The huge West window is above the West doors with their finely carved tracery panels. Continuing to the north into the grave yard, the Gainsborough family tomb is easily found. Thomas Gainsborough, the artist, was born in Sudbury but he is not buried in the family mauseleum, prefering a more modest plain gravestone at St. Anne's Church, Kew.
At the East end of the building is the two storey vestry, constructed from the earlier 14th century chapel.
Looking at the church from the South, the way the rebuilding was carried out can be seen easily. The four windows nearest the tower date from 1440 while the next two were completed about 1500 and light the side chapel. All the windows have fine tracery and hood moulds with carved heads as stops.
The church is usually kept locked but there are keyholders telephone numbers on the door. and on the contacts page. The building is currently open on Monday and Friday mornings from 8.20 am to 9.45 am and Wednesday afternoons from 2.30 pm to 4.00 pm when coffee and tea are available and at service times on Sundays and during Morning Prayer on Fridays. The tower is not open during these times.

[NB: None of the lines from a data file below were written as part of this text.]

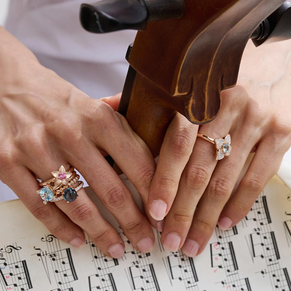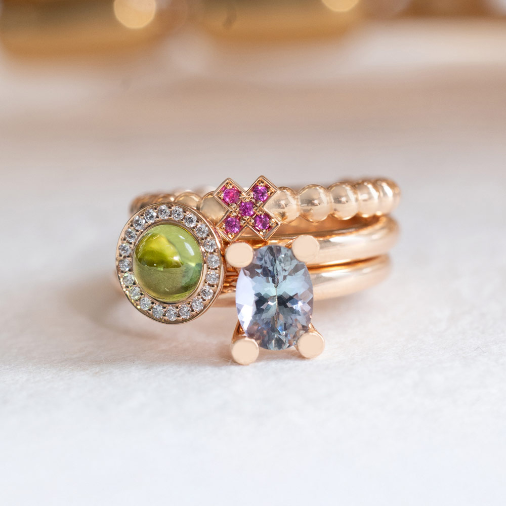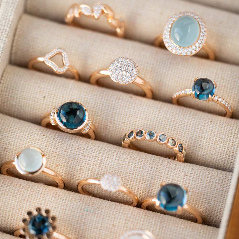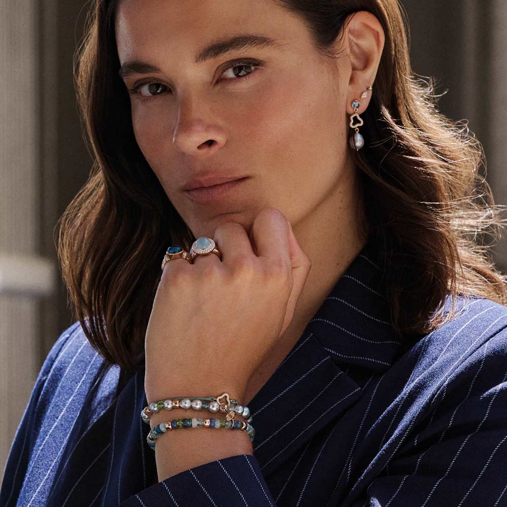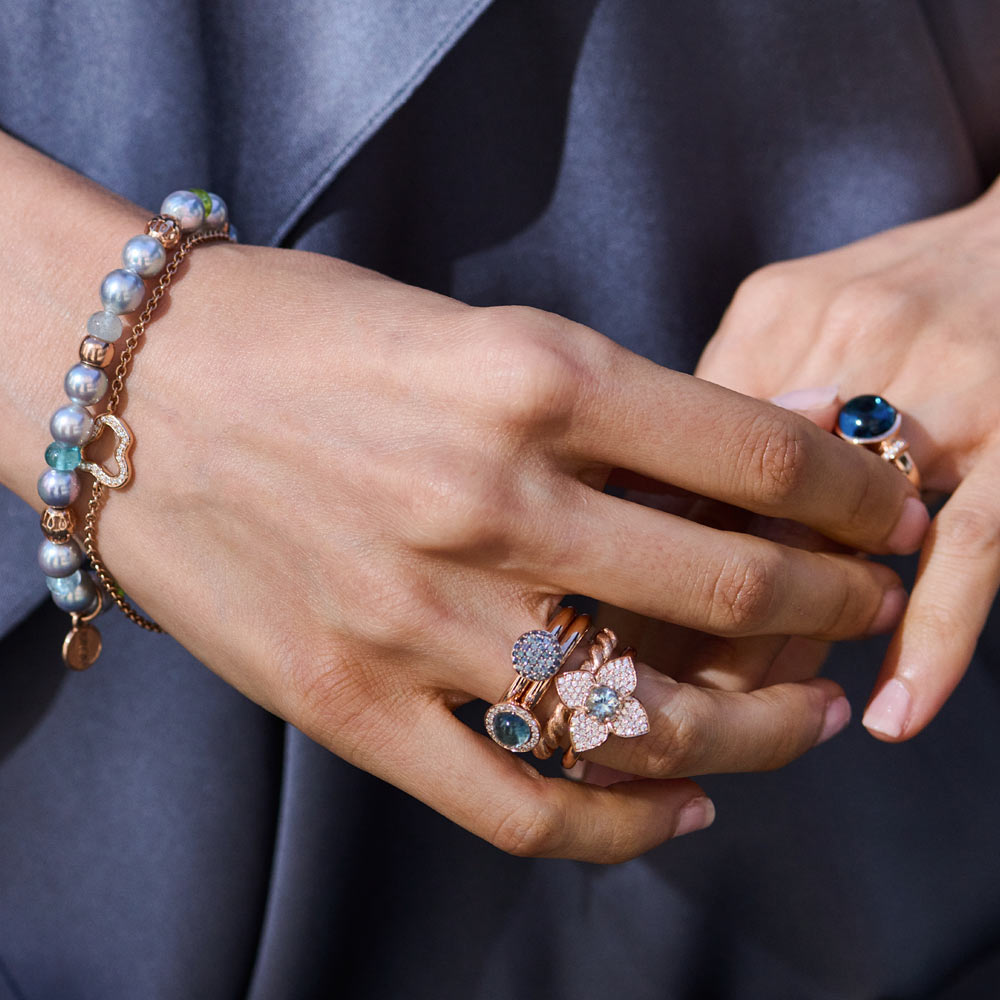 Aquamarin, Tansanit und Blautopas verschmelzen zu einem lebendigen Spiel aus Farbe und Licht. Die Designs sind für vielseitiges Kombinieren gedacht: Im Mix & Match entstehen immer neue Looks, ergänzt durch frische Akzente in Rosa und Grün – modern, individuell und ausdrucksstark.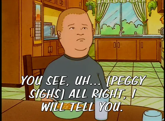 YOU SEE, UH... [PEGGY SIGHS] ALL RIGHT, I WILL TELL YOU.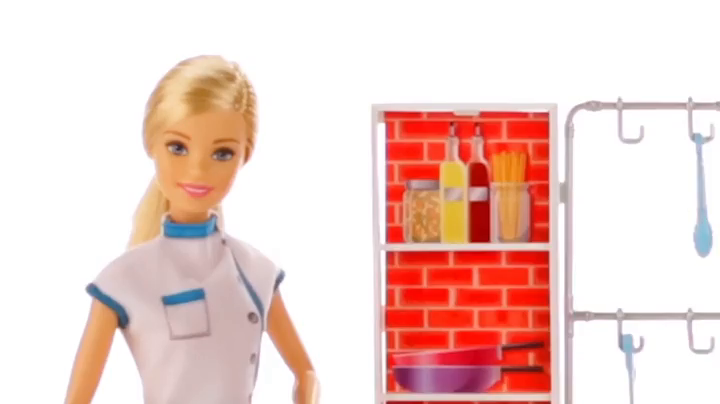 - Barbie doll will heat up the kitchen in a chef-inspired top with blue apron detail, black pants, blue shoes and an oven mitt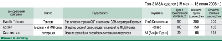 В первый месяц лета завершилось несколько интересных сделок. Одна из крупнейших – покупка оператора «Арктел» холдингом «Росвеб». Последний объединяет примерно два десятка провайдеров услуг широкополосного доступа и фиксированной телефонии, действующих в Московской области и близлежащих регионах. Сейчас «Росвеб» создает мультисервисную сеть в Подмосковье, и уже построено примерно 1 тыс. км ВОЛС – треть запланированного объема. Благодаря тому что в марте 2008 г. «Радионет», одна из крупнейших фирм в структуре «Росвеба», выпустила облигационный заем на 1 млрд руб., холдинг получил свободные средства для осуществления сделок.В июне «Росвеб» приобрел сеть «Лан-Телеком», действующую на севере Москвы. С учетом того что сейчас стоимость абонента на столичном рынке со-ставляет около $500, а «Лан-Телеком» имеет порядка 20 тыс. пользователей, сумма сделки оценивается в $10 млн. Несколько позже «Росвеб» купил компанию «Арктел», оператора, оказывающего услуги местной, междугородной и международной связи.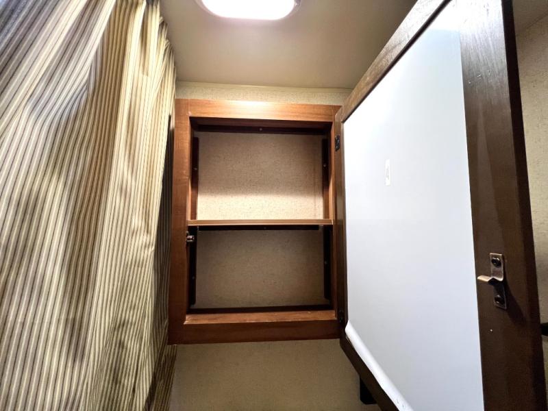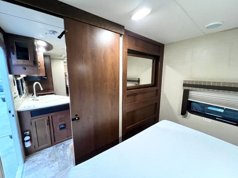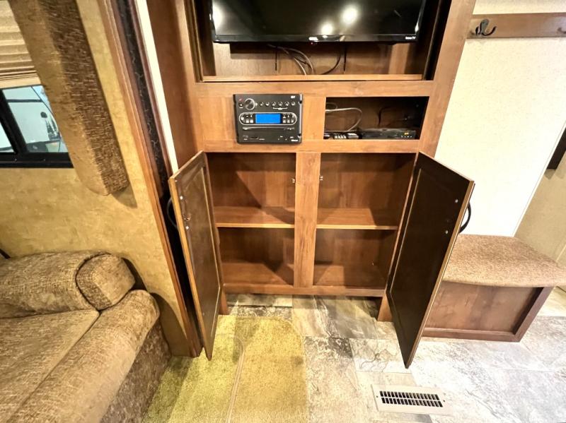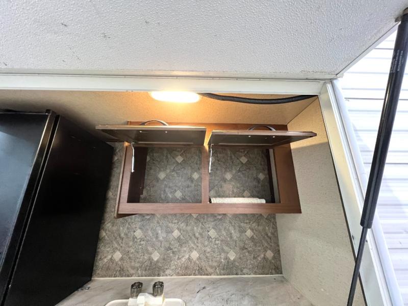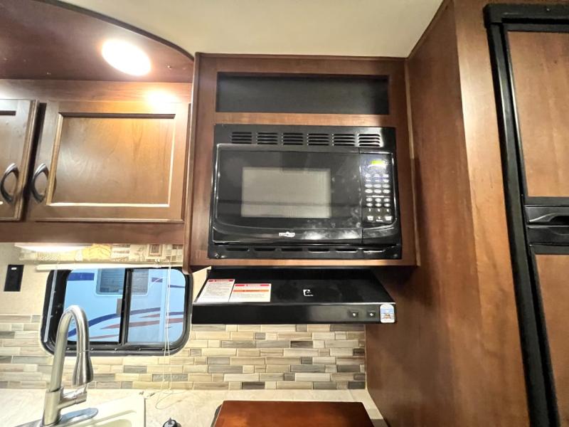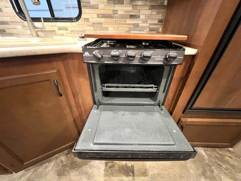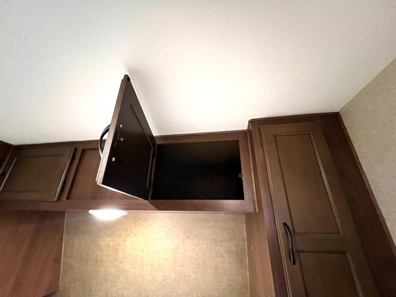 You will find plenty of overhead cabinets throughout the trailer as well as exterior storage. Outside you can enjoy the exterior kitchen which offers a refrigerator, sink, and slide out stove.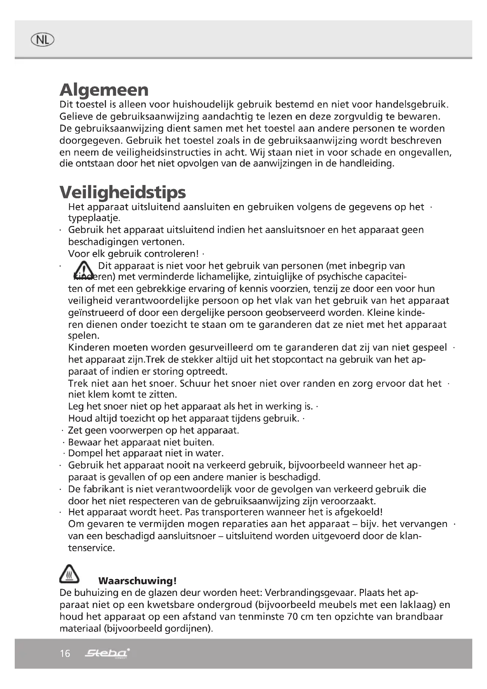 Ici, c‘est le fromage qui est la vedette de la soirée Raclette. Prévoyez environ 200 - 250g de fromage et de pommes de terre par personne et les accompagnements de votre choix. Mettez une tranche de fromage coupée comme il convient, ayant une épaisseur d‘un demi centimetre, dans le poÍlon et placez-le sous le grill. Quand le fro- mage a fondu de faÁon crémeuse, retirez le fromage l‘aide d‘une spatule en bois et servez-le par exemple avec des pommes de terre en robe de chambre ou en papillote, des morceaux de baguette ou du pain de mie grillé. Nettoyage Avant de nettoyer l‘appareil, retirez toujours la fiche de la prise de courant. ∙ Nettoyez l‘appareil le plus tut possible apres son utilisation, mais laissez refroidir ∙ suffisamment la surface de cuisson. L‘appareil se nettoie plus facilement tant qu‘il est encore un peu chaud. Pour retirer la surface de cuisson, soulevez-la légere ment par le bas avec une main. Vous pouvez alors l‘enlever sans problËme. Appareil de base: Pour son nettoyage, utilisez un chiffon humide. Ne trempez jamais l‘appareil dans l‘eau. Veillez également ce que de l‘eau ne coule pas dans l‘appareil. Tenez également compte des indications concernant la sécurité. PoÍlons Gourmet: Faites tremper si nécessaire les poÍlons Gourmet quelque temps dans de l‘eau laquelle vous aurez ajouté quelques gouttes de liquide vaisselle. Plaque antiadhesive du grill: Vous pouvez nettoyer la plaque du grill égale ment dans un bain d‘eau chaude additi- onnée de liquide vaisselle, mais elle résiste aussi au lave-vaisselle. 480-13220 - RC28 - 06-2011.indd 14 01.07.2011 14:57:0615 Evacuation correcte de ce produit: Rendre les appareils ayant fait leur temps immédiatement inutilisables Au sein de l’EU, ce symbole indique que ce produit ne doit pas être évacué avec les déchets mécaniques. Les vieux appareils contiennent des matériaux qui peuvent être recyclés et qui devraient être déposés à des centres de récupération et afin de ne pas altérer l’environnement, voire la santé des personnes par une élimintation des déchets non- contrôlée. Veuillez donc évacuer les appareils usés par des systèmes de collecte bien appropriés ou envoyez-lea opoù vous l’avez acheté en vue d’évacuation. L’appareil sera alors amené à la récupération des matériaux. Service Après-Vente: Si contre toute attente, votre appareil devait avoir besoin du SAV, veuillez alors vous adresser à l’adresse suivante. Nous en organiserons alors d’enlèvement. Des paquets non affranchis ne pourront pas être pris en charge. STEBA Elektrogeräte GmbH & Co KG Pointstr. 2, 96129 Strullendorf / Germany Distribution-Tél.: 09543 / 449-17 / -18, Service-Tél.: 09543 / 449-44, Fax: 09543 / 449-19 e-Mail: elektro@steba.com Internet: http://www.steba.com Attention! Les appareils électriques ne seront réparés que par du personnel élec- tricien qualifié étant donné que des réparations non-conformes peuvent avoir des conséquences graves. 480-13220 - RC28 - 06-2011.indd 15 01.07.2011 14:57:0716 Algemeen Dit toestel is alleen voor huishoudelijk gebruik bestemd en niet voor handelsgebruik. Gelieve de gebruiksaanwijzing aandachtig te lezen en deze zorgvuldig te bewaren. De gebruiksaanwijzing dient samen met het toestel aan andere personen te worden doorgegeven. Gebruik het toestel zoals in de gebruiksaanwijzing wordt beschreven en neem de veiligheidsinstructies in acht. Wij staan niet in voor schade en ongevallen, die ontstaan door het niet opvolgen van de aanwijzingen in de handleiding. Veiligheidstips Het apparaat uitsluitend aansluiten en gebruiken volgens de gegevens op het ∙ typeplaatje. Gebruik het apparaat uitsluitend indien het aansluitsnoer en het apparaat geen ∙ beschadigingen vertonen. Voor elk gebruik controleren! ∙ ∙ Dit apparaat is niet voor het gebruik van personen (met inbegrip van kinderen) met verminderde lichamelijke, zintuiglijke of psychische capacitei- ten of met een gebrekkige ervaring of kennis voorzien, tenzij ze door een voor hun veiligheid verantwoordelijke persoon op het vlak van het gebruik van het apparaat geïnstrueerd of door een dergelijke persoon geobserveerd worden. Kleine kinde- ren dienen onder toezicht te staan om te garanderen dat ze niet met het apparaat spelen. Kinderen moeten worden gesurveilleerd om te garanderen dat zij van niet gespeel ∙ het apparaat zijn.Trek de stekker altijd uit het stopcontact na gebruik van het ap- paraat of indien er storing optreedt. Trek niet aan het snoer. Schuur het snoer niet over randen en zorg ervoor dat het ∙ niet klem komt te zitten. Leg het snoer niet op het apparaat als het in werking is. ∙ Houd altijd toezicht op het apparaat tijdens gebruik. ∙ Zet geen voorwerpen op het apparaat. ∙ Bewaar het apparaat niet buiten. ∙ Dompel het apparaat niet in water. ∙ Gebruik het apparaat nooit na verkeerd gebruik, bijvoorbeeld wanneer het ap- ∙ paraat is gevallen of op een andere manier is beschadigd. De fabrikant is niet verantwoordelijk voor de gevolgen van verkeerd gebruik die ∙ door het niet respecteren van de gebruiksaanwijzing zijn veroorzaakt. Het apparaat wordt heet. Pas transporteren wanneer het is afgekoeld! ∙ Om gevaren te vermijden mogen reparaties aan het apparaat – bijv. het vervangen ∙ van een beschadigd aansluitsnoer – uitsluitend worden uitgevoerd door de klan- tenservice. Waarschuwing! De buhuizing en de glazen deur worden heet: Verbrandingsgevaar. Plaats het ap- paraat niet op een kwetsbare ondergroud (bijvoorbeeld meubels met een laklaag) en houd het apparaat op een afstand van tenminste 70 cm ten opzichte van brandbaar materiaal (bijvoorbeeld gordijnen). 480-13220 - RC28 - 06-2011.indd 16 01.07.2011 14:57:0817

The chancel is the oldest part of the building. The clerestory windows were blocked when the chapels were built. The roof was raised in 1882 when the East window was inserted. (Much of the original stained glass was destroyed by William Dowsing, the iconoclast; in 1643.) All the furnishings date from 1882. The reading desks may have been made by Henry Ringham, to a design by C.F.Sprague, which incorporated panels from the Rood screen. The Holy Table in the Sanctuary is Jacobean (1603 – 1625)
The North Aisle
The north aisle chapel was probably built in 15th century as a chapel for the Waldegrave family and then the Eden family. Thomas Eden became patron of the living in 1551. Although most of the chapel is now taken up with the organ, a painted genealogy of the Eden family dating from 1622, though faded, can still be seen. There are records of bequests that helped pay for the construction of this aisle, notably 40 shillings from each Thomas Schorthose in 1459 and Joan Dennis in 1460. The Widow Joan also left 20 marks for a low bench for the north aisle to match the one already in the south aisle. The Burkitt family had a vault in the aisle. Puritans, they were related to Oliver Cromwell and entertained the poet John Bunyan when he visited Sudbury.
The nave is a well-proportioned arcade of five bays with pillars identical to those in St. Peter’s on Market Hill. Each arch moulding bears shields, fleurons and crowns, all once gilded and coloured. The tall clerestory has five bays. The fine cambered tie-beam roof has lost its angels but retains traces of the medieval painting of arrows and stars, best seen through binoculars. It is just possible to see where the inscription on the wall plate has been erased. There was once a rood screen across the arch that separates the nave from the chancel. The stairs that would have given access to the top of the screen have been blocked in but the remains of the upper door can still be seen.
The oak lectern was given in 1919. It has an angel bearing the scriptures on upraised arms and wings: a memorial to the men of the parish who fell in the First World War.
The pulpit 1490
The pulpit is one of the best examples from the pre Reformation pulpit rising on a tall stem, beautifully proportioned and richly carved with paterae below a castellated rim. Its perfect condition was due mainly to its having been boarded up and plastered before the Restoration of the Monarchy and remaining hidden for a long period of time so escaping damage when the church was used as a prison during war with the Dutch in 1660.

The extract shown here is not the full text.